Answer
We should use the #18 wire.
Work Step by Step
Recalling that the magnetic field strength inside a solenoid is given by
$$B=\dfrac{\mu_0NI}{l}$$
The author told us that we should wound the coils as close together as possible. This means that the length of the coil is given by $l=ND$ where $D$ is the diameter of the wire. So, $N=l/D$
$$B=\dfrac{\mu_0 \color{red}{\bf\not} lI}{\color{red}{\bf\not} lD}$$
$$B=\dfrac{\mu_0I}{D}$$
Hence, the current needed is given by
$$I=\dfrac{DB}{\mu_0}$$
For wire #18: which has a maximum current of 5 A, the current needed to create a magnetic field of 5 mT is;
$$I_{\rm \#18}=\dfrac{D_{\#18}B}{\mu_0}=\dfrac{(1.02\times 10^{-3})(5\times 10^{-3})}{4\pi \times 10^{-7}}=\bf 4.06\;\rm A$$
This current is in the limit, so we can use this wire.
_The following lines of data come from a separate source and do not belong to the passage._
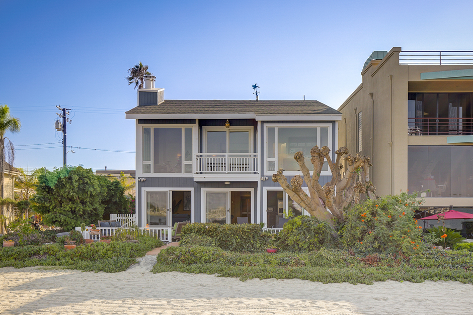On the beach. An attractive oceanfront villa with classic weatherboard exterior and huge, white picture windows flooding in the light and ocean views. The owners have painstakingly refurbished and restored its interiors with terra cotta tile floors and finishes, over-height beamed ceilings and the addition of a spacious waterfront balcony protected by native California plantings and a mature hedge wall to enhance privacy. Bedrooms are cool but cozy with carpet in the kids room and play area adding comfort for little crawlers. We love the seamless inside/outside living here with glass doors designed to be flung open onto balconies and terraces where it’s a hop, skip and a jump onto the sand or into the jacuzzi.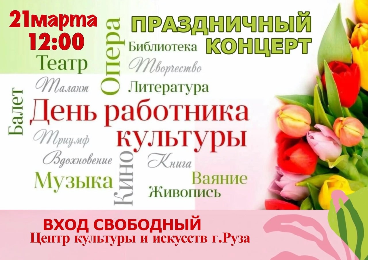 Центр культуры и искусств Рузы приглашает всех хранителей красоты и творцов вдохновения на праздничный концерт, посвящённый Дню работника культуры, 21 марта в 12:00.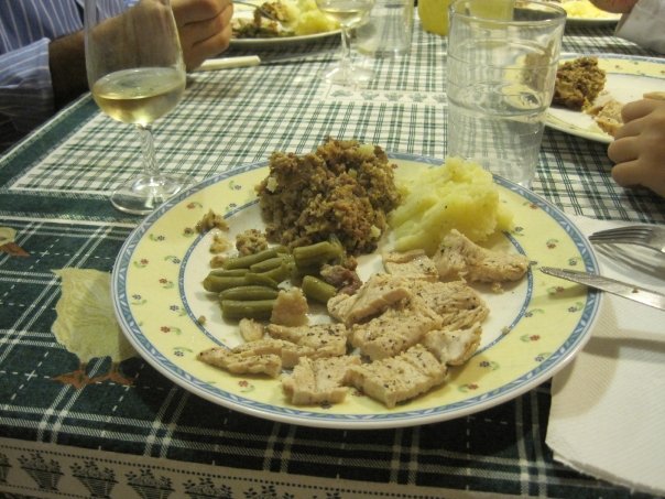 Don’t want to go out? Host your own party. Gather up some friends, American or not, and recreate your holiday favorites. When I was an au pair in Rome, I suggested to my host family that I cook them an American Thanksgiving dinner. They immediately said yes, and were excited to have the opportunity to experience an American holiday. In lieu of a whole turkey, something I couldn’t afford on my au pair salary, I pan fried turkey breasts. For sides, I made my dad’s stuffing recipe, green beans with pancetta, and mashed potatoes. I even baked a pumpkin pie for dessert. My host parents brought a bottle of white wine, and we enjoyed a nice meal and cultural exchange.

For wire #26: which has a maximum current of 1 A, the current needed to create a magnetic field of 5 mT is;
$$I_{\rm \#26}=\dfrac{D_{\#26}B}{\mu_0}=\dfrac{(0.41\times 10^{-3})(5\times 10^{-3})}{4\pi \times 10^{-7}}=\bf 1.63\;\rm A$$
This current exceeds the limit, so we can't use this wire.